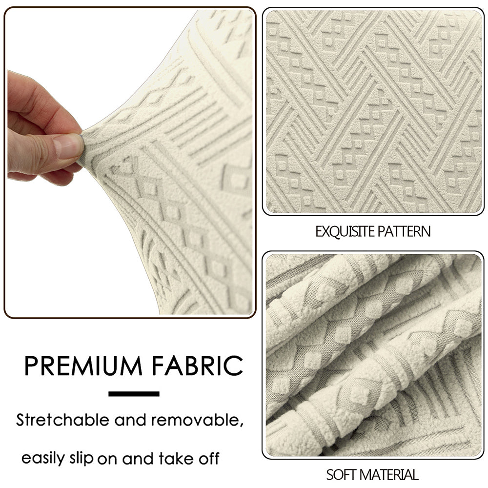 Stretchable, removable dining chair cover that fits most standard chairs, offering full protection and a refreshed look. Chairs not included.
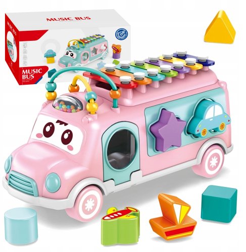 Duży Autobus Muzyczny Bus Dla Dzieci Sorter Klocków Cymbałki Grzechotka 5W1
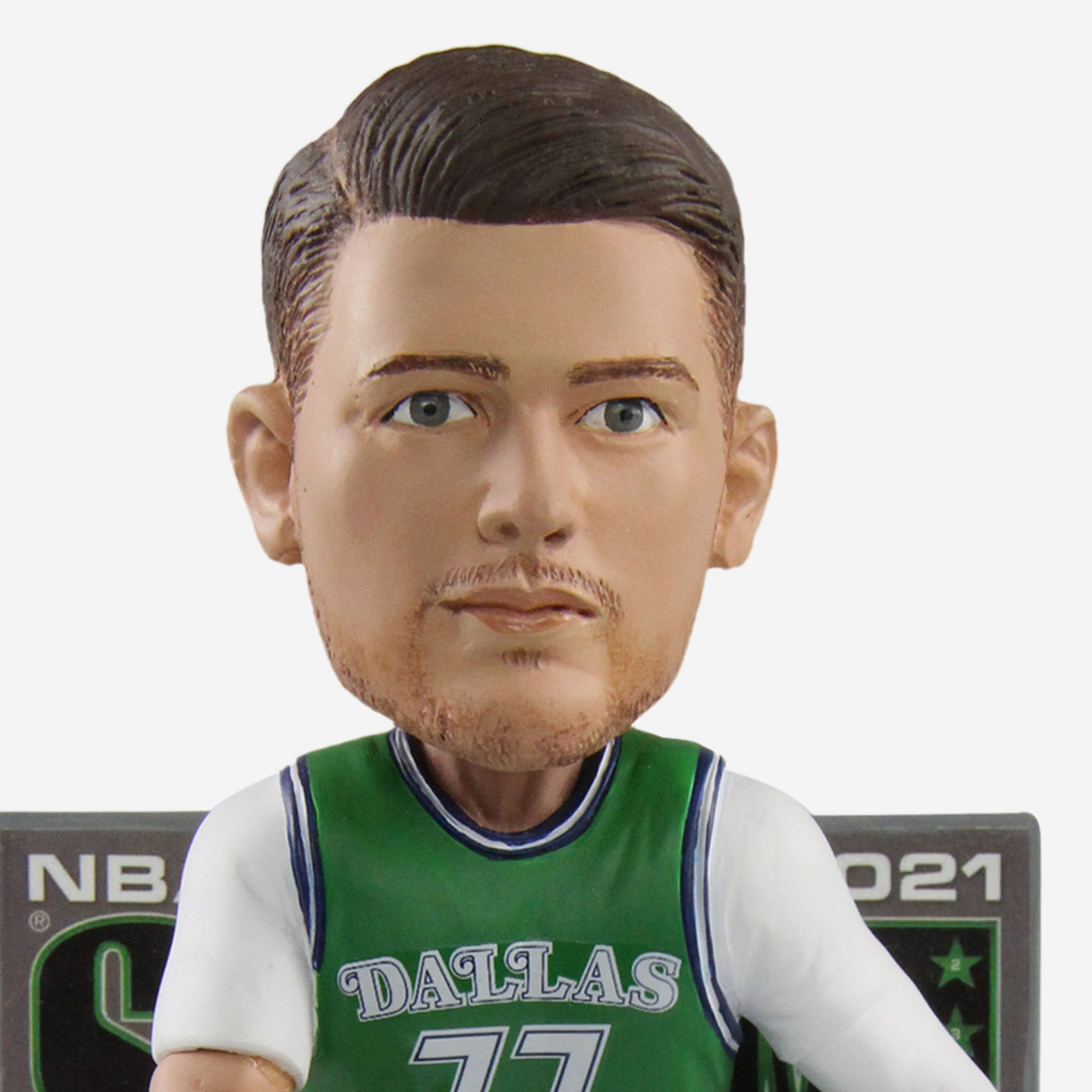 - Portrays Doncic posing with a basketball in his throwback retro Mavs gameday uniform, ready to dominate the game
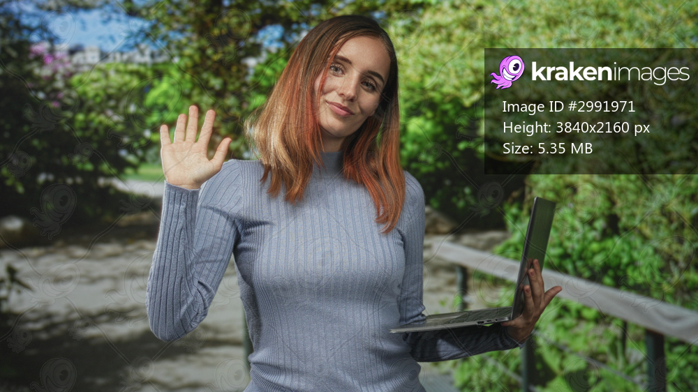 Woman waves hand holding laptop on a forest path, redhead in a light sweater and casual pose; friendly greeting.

_ _ _ _ _ _ _

Activity: Retype the whole listing, keeping every line identical and omitting all pictures.

Task response:
 Stretchable, removable dining chair cover that fits most standard chairs, offering full protection and a refreshed look. Chairs not included.
 Duży Autobus Muzyczny Bus Dla Dzieci Sorter Klocków Cymbałki Grzechotka 5W1
 - Portrays Doncic posing with a basketball in his throwback retro Mavs gameday uniform, ready to dominate the game
 Woman waves hand holding laptop on a forest path, redhead in a light sweater and casual pose; friendly greeting.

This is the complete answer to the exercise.